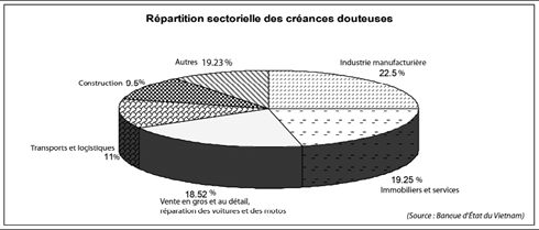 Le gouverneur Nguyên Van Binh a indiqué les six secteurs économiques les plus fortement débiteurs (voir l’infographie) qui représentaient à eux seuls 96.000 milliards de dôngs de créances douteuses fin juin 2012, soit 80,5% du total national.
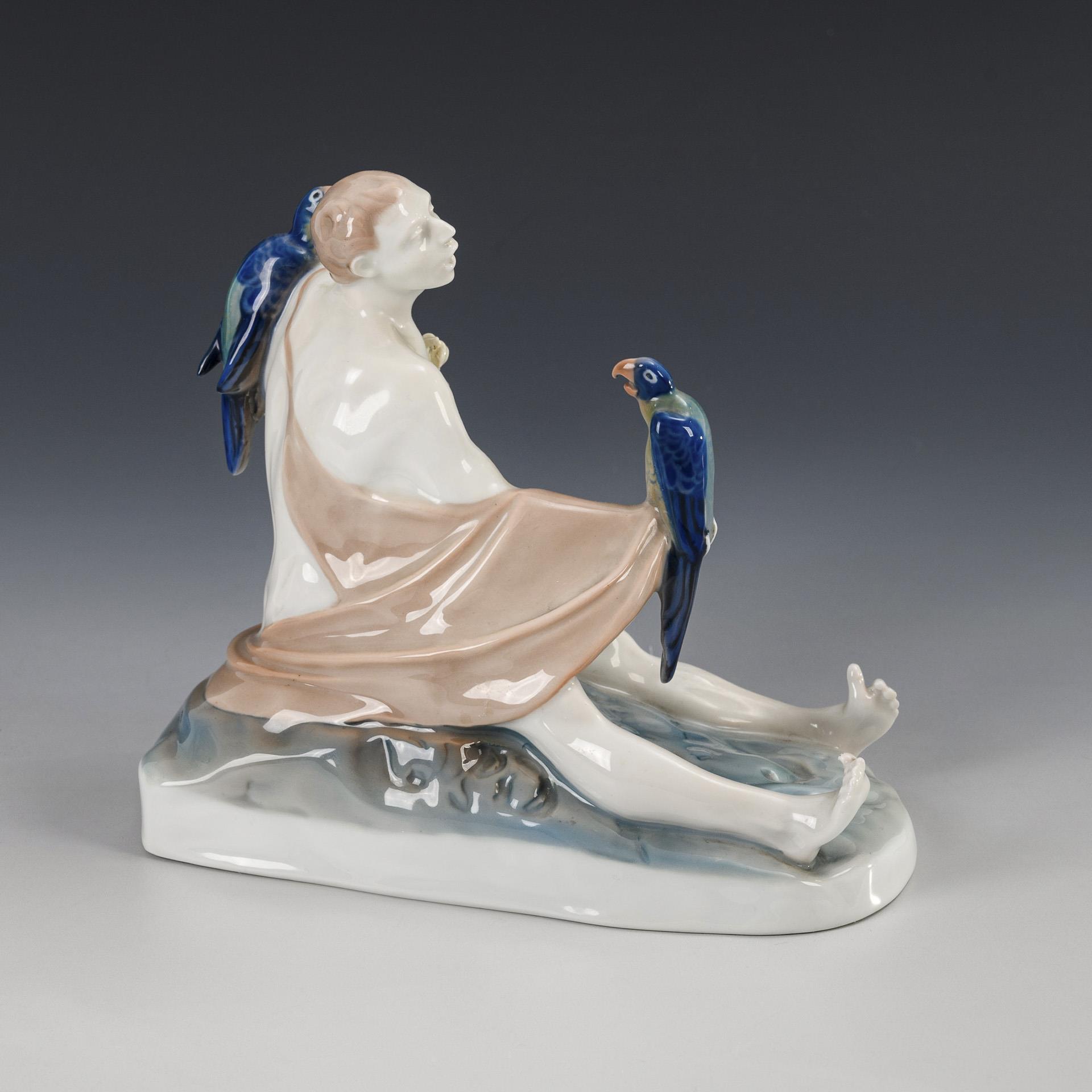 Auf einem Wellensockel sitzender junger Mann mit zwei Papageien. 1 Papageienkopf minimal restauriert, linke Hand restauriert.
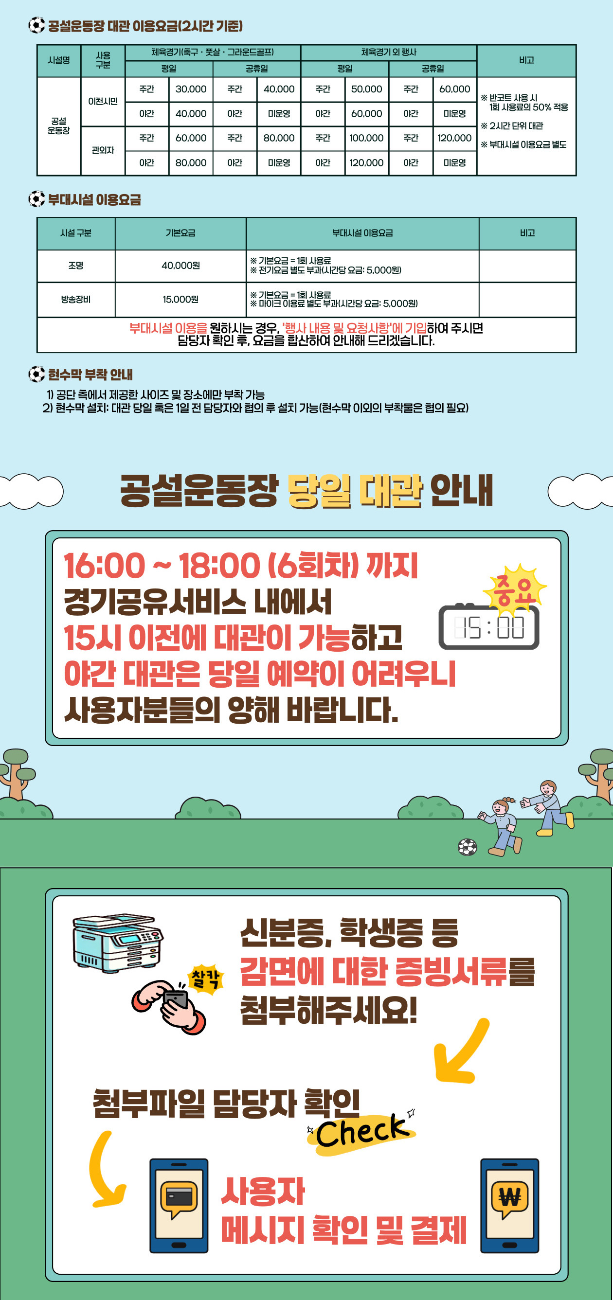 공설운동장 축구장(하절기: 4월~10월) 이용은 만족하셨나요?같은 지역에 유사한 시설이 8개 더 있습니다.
* * *
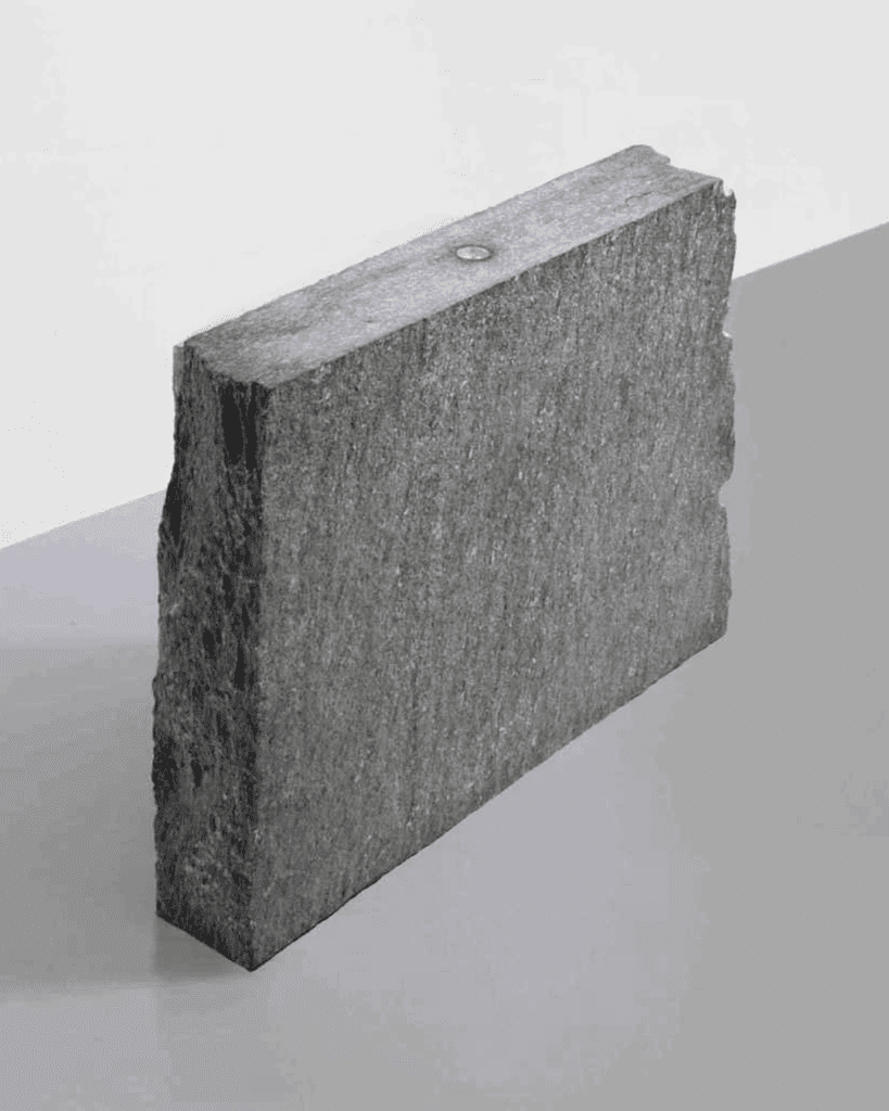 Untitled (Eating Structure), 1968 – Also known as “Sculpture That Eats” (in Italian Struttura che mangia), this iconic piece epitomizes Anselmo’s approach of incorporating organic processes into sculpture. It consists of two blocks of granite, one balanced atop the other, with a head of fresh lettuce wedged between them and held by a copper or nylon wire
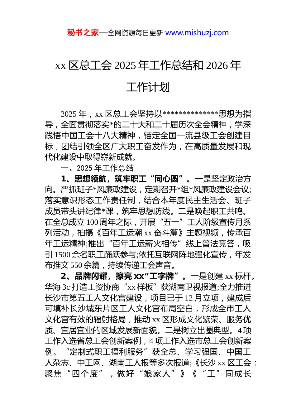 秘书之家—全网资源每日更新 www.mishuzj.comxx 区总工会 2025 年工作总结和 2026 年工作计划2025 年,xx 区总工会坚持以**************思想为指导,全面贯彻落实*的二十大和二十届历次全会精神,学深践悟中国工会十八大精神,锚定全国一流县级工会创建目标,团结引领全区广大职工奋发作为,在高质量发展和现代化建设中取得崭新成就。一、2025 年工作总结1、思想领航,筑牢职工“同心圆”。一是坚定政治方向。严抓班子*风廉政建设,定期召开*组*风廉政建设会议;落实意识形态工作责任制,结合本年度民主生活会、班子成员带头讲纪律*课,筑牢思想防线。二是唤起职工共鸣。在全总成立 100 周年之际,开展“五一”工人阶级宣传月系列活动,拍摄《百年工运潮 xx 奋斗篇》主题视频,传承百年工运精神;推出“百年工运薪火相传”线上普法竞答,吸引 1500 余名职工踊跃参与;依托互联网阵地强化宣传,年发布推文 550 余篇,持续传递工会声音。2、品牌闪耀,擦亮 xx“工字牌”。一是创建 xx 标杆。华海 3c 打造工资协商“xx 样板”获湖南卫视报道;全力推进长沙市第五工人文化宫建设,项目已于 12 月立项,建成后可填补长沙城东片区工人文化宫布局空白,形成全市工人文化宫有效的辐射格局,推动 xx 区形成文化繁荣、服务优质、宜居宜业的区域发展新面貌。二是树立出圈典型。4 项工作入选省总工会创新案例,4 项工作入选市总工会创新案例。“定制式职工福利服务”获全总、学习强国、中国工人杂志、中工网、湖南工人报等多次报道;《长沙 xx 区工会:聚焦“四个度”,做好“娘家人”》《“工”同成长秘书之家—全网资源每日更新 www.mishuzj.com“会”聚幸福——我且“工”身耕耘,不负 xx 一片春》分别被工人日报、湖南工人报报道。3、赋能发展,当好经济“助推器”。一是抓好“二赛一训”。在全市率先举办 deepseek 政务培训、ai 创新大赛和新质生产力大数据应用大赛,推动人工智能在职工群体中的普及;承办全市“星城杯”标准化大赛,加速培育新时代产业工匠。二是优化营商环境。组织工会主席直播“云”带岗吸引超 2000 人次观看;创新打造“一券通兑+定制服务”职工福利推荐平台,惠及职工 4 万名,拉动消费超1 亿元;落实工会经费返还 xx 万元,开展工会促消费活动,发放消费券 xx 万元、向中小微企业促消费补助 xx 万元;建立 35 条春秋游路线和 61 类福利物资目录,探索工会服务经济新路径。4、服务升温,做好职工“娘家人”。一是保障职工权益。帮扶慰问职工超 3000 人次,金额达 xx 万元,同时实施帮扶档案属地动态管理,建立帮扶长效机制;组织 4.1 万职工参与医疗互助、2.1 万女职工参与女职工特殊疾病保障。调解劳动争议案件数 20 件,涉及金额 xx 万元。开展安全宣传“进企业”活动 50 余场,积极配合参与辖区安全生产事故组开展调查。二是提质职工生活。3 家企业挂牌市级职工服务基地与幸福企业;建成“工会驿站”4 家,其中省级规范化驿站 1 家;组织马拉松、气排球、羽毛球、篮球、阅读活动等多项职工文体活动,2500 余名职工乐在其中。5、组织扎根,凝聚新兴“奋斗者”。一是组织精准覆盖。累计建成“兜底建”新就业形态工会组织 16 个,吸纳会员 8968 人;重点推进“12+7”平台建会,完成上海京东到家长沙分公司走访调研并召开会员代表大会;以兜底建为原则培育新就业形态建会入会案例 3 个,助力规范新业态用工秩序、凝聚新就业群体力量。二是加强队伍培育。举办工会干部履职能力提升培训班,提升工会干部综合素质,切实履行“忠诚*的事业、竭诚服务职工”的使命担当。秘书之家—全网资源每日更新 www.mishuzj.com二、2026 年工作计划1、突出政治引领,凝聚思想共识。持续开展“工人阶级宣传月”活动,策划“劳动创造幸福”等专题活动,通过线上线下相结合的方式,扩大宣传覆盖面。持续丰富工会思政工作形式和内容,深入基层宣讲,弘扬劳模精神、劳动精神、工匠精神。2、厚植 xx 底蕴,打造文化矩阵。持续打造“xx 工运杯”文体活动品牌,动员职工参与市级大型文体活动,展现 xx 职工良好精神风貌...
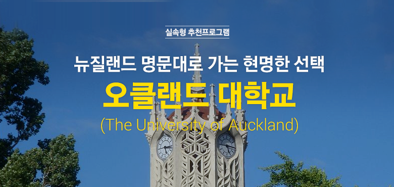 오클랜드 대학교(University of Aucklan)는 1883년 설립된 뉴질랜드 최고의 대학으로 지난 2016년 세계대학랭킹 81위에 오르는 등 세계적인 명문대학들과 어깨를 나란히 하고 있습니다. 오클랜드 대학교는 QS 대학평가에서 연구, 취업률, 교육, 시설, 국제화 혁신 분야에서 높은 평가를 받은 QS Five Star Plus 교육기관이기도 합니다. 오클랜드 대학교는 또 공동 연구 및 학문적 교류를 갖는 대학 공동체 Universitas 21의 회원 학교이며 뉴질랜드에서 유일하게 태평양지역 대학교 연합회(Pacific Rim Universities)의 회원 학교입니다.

▶ **PROBLEM STATEMENT**: From the records above, transcribe only the stretch from the line with "Untitled (Eating Structure), 1968" through the line with "秘书之家—全网资源每日更新 www.mishuzj.comxx 区总工会", keeping both ends. Omit pictures.

▶ **ANSWER TO THIS TASK**:
 Untitled (Eating Structure), 1968 – Also known as “Sculpture That Eats” (in Italian Struttura che mangia), this iconic piece epitomizes Anselmo’s approach of incorporating organic processes into sculpture. It consists of two blocks of granite, one balanced atop the other, with a head of fresh lettuce wedged between them and held by a copper or nylon wire
 秘书之家—全网资源每日更新 www.mishuzj.comxx 区总工会 2025 年工作总结和 2026 年工作计划2025 年,xx 区总工会坚持以**************思想为指导,全面贯彻落实*的二十大和二十届历次全会精神,学深践悟中国工会十八大精神,锚定全国一流县级工会创建目标,团结引领全区广大职工奋发作为,在高质量发展和现代化建设中取得崭新成就。一、2025 年工作总结1、思想领航,筑牢职工“同心圆”。一是坚定政治方向。严抓班子*风廉政建设,定期召开*组*风廉政建设会议;落实意识形态工作责任制,结合本年度民主生活会、班子成员带头讲纪律*课,筑牢思想防线。二是唤起职工共鸣。在全总成立 100 周年之际,开展“五一”工人阶级宣传月系列活动,拍摄《百年工运潮 xx 奋斗篇》主题视频,传承百年工运精神;推出“百年工运薪火相传”线上普法竞答,吸引 1500 余名职工踊跃参与;依托互联网阵地强化宣传,年发布推文 550 余篇,持续传递工会声音。2、品牌闪耀,擦亮 xx“工字牌”。一是创建 xx 标杆。华海 3c 打造工资协商“xx 样板”获湖南卫视报道;全力推进长沙市第五工人文化宫建设,项目已于 12 月立项,建成后可填补长沙城东片区工人文化宫布局空白,形成全市工人文化宫有效的辐射格局,推动 xx 区形成文化繁荣、服务优质、宜居宜业的区域发展新面貌。二是树立出圈典型。4 项工作入选省总工会创新案例,4 项工作入选市总工会创新案例。“定制式职工福利服务”获全总、学习强国、中国工人杂志、中工网、湖南工人报等多次报道;《长沙 xx 区工会:聚焦“四个度”,做好“娘家人”》《“工”同成长秘书之家—全网资源每日更新 www.mishuzj.com“会”聚幸福——我且“工”身耕耘,不负 xx 一片春》分别被工人日报、湖南工人报报道。3、赋能发展,当好经济“助推器”。一是抓好“二赛一训”。在全市率先举办 deepseek 政务培训、ai 创新大赛和新质生产力大数据应用大赛,推动人工智能在职工群体中的普及;承办全市“星城杯”标准化大赛,加速培育新时代产业工匠。二是优化营商环境。组织工会主席直播“云”带岗吸引超 2000 人次观看;创新打造“一券通兑+定制服务”职工福利推荐平台,惠及职工 4 万名,拉动消费超1 亿元;落实工会经费返还 xx 万元,开展工会促消费活动,发放消费券 xx 万元、向中小微企业促消费补助 xx 万元;建立 35 条春秋游路线和 61 类福利物资目录,探索工会服务经济新路径。4、服务升温,做好职工“娘家人”。一是保障职工权益。帮扶慰问职工超 3000 人次,金额达 xx 万元,同时实施帮扶档案属地动态管理,建立帮扶长效机制;组织 4.1 万职工参与医疗互助、2.1 万女职工参与女职工特殊疾病保障。调解劳动争议案件数 20 件,涉及金额 xx 万元。开展安全宣传“进企业”活动 50 余场,积极配合参与辖区安全生产事故组开展调查。二是提质职工生活。3 家企业挂牌市级职工服务基地与幸福企业;建成“工会驿站”4 家,其中省级规范化驿站 1 家;组织马拉松、气排球、羽毛球、篮球、阅读活动等多项职工文体活动,2500 余名职工乐在其中。5、组织扎根,凝聚新兴“奋斗者”。一是组织精准覆盖。累计建成“兜底建”新就业形态工会组织 16 个,吸纳会员 8968 人;重点推进“12+7”平台建会,完成上海京东到家长沙分公司走访调研并召开会员代表大会;以兜底建为原则培育新就业形态建会入会案例 3 个,助力规范新业态用工秩序、凝聚新就业群体力量。二是加强队伍培育。举办工会干部履职能力提升培训班,提升工会干部综合素质,切实履行“忠诚*的事业、竭诚服务职工”的使命担当。秘书之家—全网资源每日更新 www.mishuzj.com二、2026 年工作计划1、突出政治引领,凝聚思想共识。持续开展“工人阶级宣传月”活动,策划“劳动创造幸福”等专题活动,通过线上线下相结合的方式,扩大宣传覆盖面。持续丰富工会思政工作形式和内容,深入基层宣讲,弘扬劳模精神、劳动精神、工匠精神。2、厚植 xx 底蕴,打造文化矩阵。持续打造“xx 工运杯”文体活动品牌,动员职工参与市级大型文体活动,展现 xx 职工良好精神风貌...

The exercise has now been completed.